Yes, Lucy, very dangerous. Lucy, before she went to bed that night, had owned to herself that they were so; and lying there with sleepless eyes and a moist pillow, she was driven to confess that the label would in truth be now too late, that the caution had come to her after the poison had been swallowed. Was there any antidote? That was all that was left for her to consider. But, nevertheless, on the following morning she could appear quite at her ease. And when Mark had left the house after breakfast, she could still joke with Fanny as to Lady Lufton’s poison cupboard.
XIV Mr. Crawley of HogglestockAnd then there was that other trouble in Lady Lufton’s mind, the sins, namely, of her selected parson. She had selected him, and she was by no means inclined to give him up, even though his sins against parsondom were grievous. Indeed she was a woman not prone to give up anything, and of all things not prone to give up a protégé. The very fact that she herself had selected him was the strongest argument in his favour.
But his sins against parsondom were becoming very grievous in her eyes, and she was at a loss to know what steps to take. She hardly dared to take him to task, him himself. Were she to do so, and should he then tell her to mind her own business—as he probably might do, though not in those words—there would be a schism in the parish; and almost anything would be better than that. The whole work of her life would be upset, all the outlets of her energy would be impeded if not absolutely closed, if a state of things were to come to pass in which she and the parson of her parish should not be on good terms.
But what was to be done? Early in the winter he had gone to Chaldicotes and to Gatherum Castle, consorting with gamblers, Whigs, atheists, men of loose pleasure, and Proudieites. That she had condoned; and now he was turning out a hunting parson on her hands.
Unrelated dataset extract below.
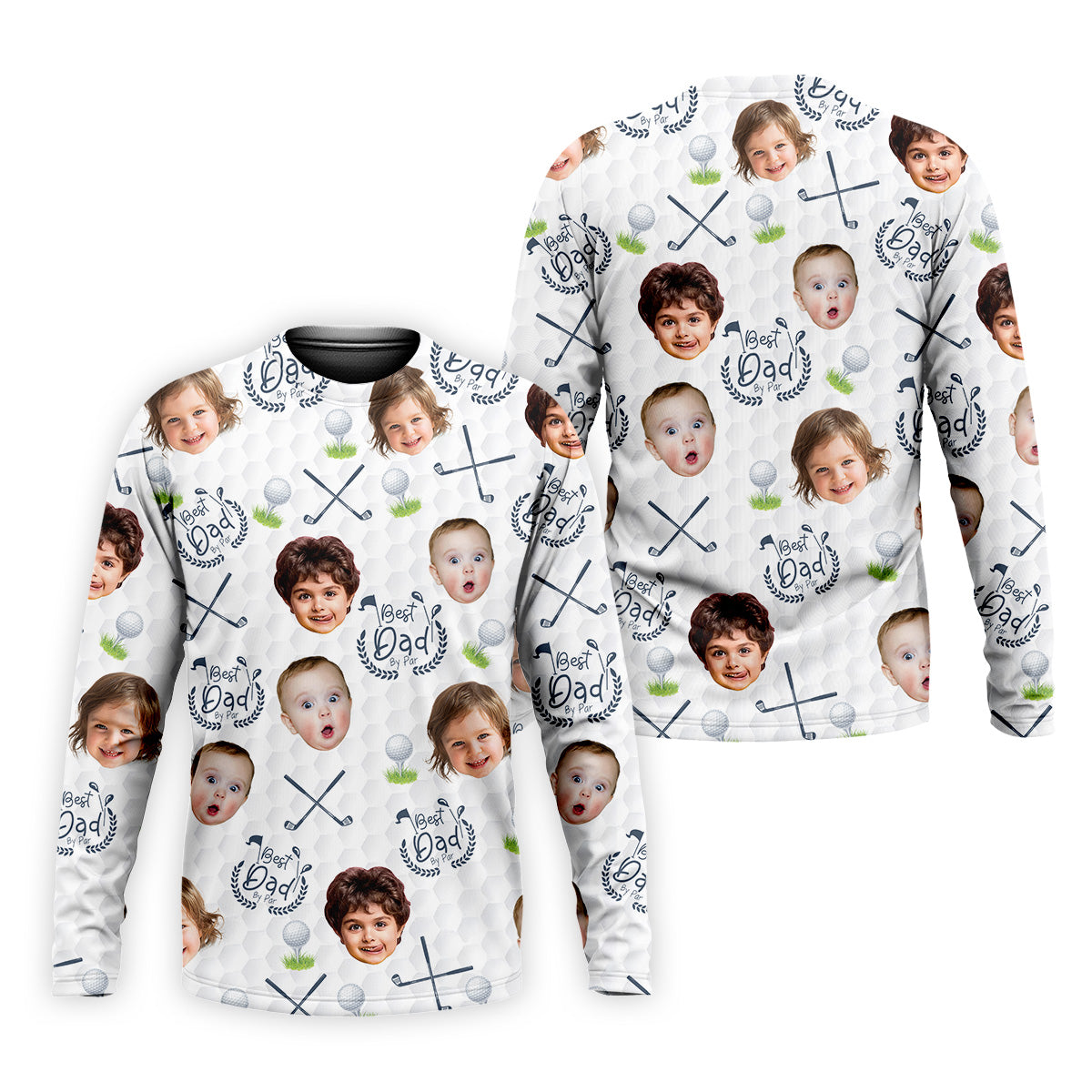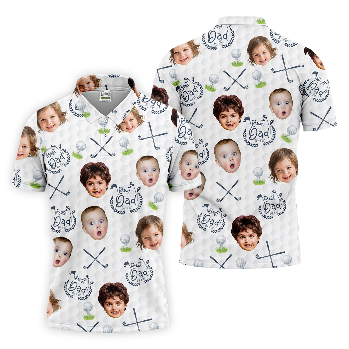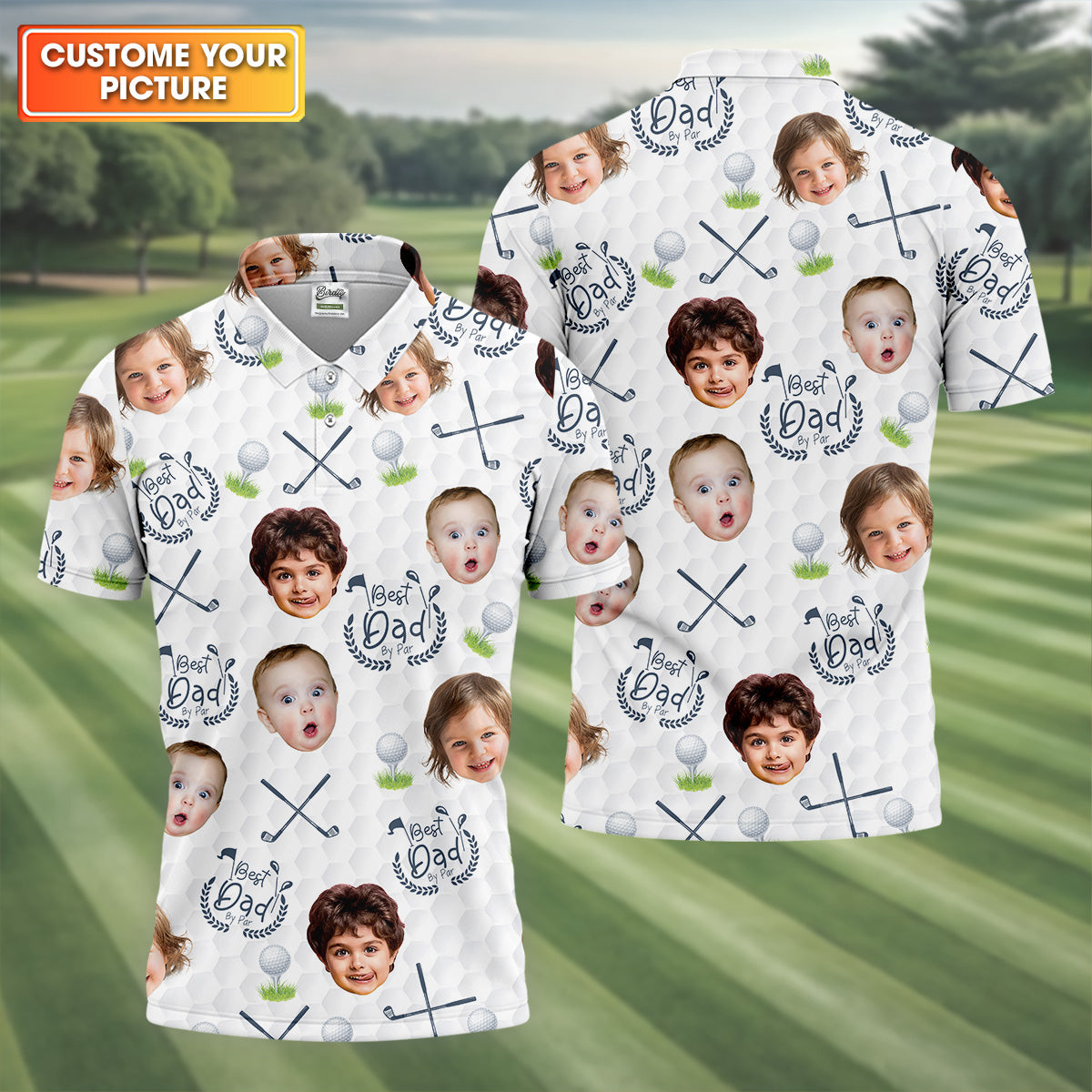 Best Dad By Par Custom Face Kids Photo Funny Polo Golf Shirt, Christmas Golf Gift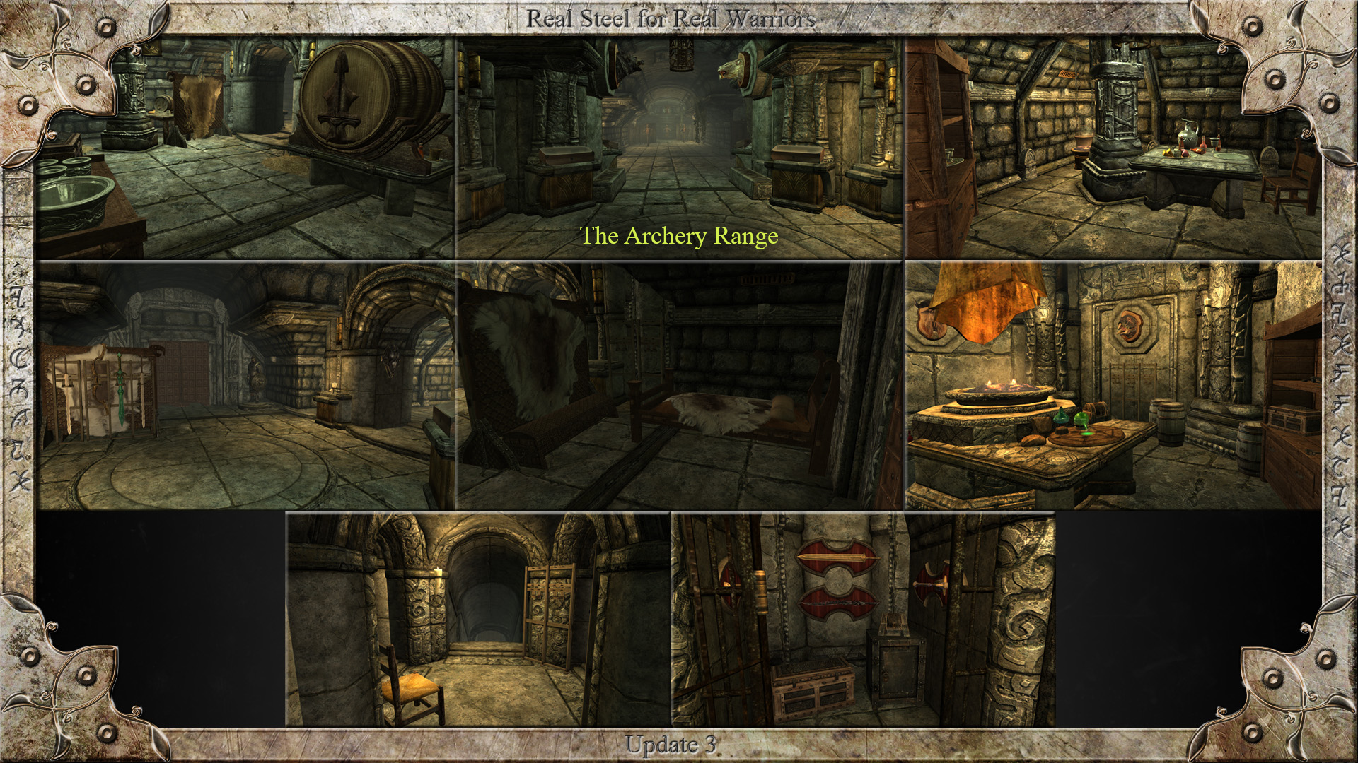 Комнаты для лучников со стрельбищем, контейнерами, манекенами, оружейными стойками, витринами, секретной алхимической лабораторией для ассасинов и тайную сокровищницу/оружейную для воров.

It was all very well for Fanny to say that he merely looked at the hounds as he rode about his parish. Fanny might be deceived. Being his wife, it might be her duty not to see her husband’s iniquities. But Lady Lufton could not be deceived. She knew very well in what part of the county Cobbold’s Ashes lay. It was not in Framley parish, nor in the next parish to it. It was halfway across to Chaldicotes—in the western division; and she had heard of that run in which two horses had been killed, and in which Parson Robarts had won such immortal glory among West Barsetshire sportsmen. It was not easy to keep Lady Lufton in the dark as to matters occurring in her own county.
All these things she knew, but as yet had not noticed, grieving over them in her own heart the more on that account. Spoken grief relieves itself; and when one can give counsel, one always hopes at least that that counsel will be effective. To her son she had said, more than once, that it was a pity that Mr. Robarts should follow the hounds.—“The world has agreed that it is unbecoming in a clergyman,” she would urge, in her deprecatory tone. But her son would by no means give her any comfort. “He doesn’t hunt, you know—not as I do,” he would say. “And if he did, I really don’t see the harm of it. A man must have some amusement, even if he be an archbishop.” “He has amusement at home,” Lady Lufton would answer. “What does his wife do—and his sister?” This allusion to Lucy, however, was very soon dropped.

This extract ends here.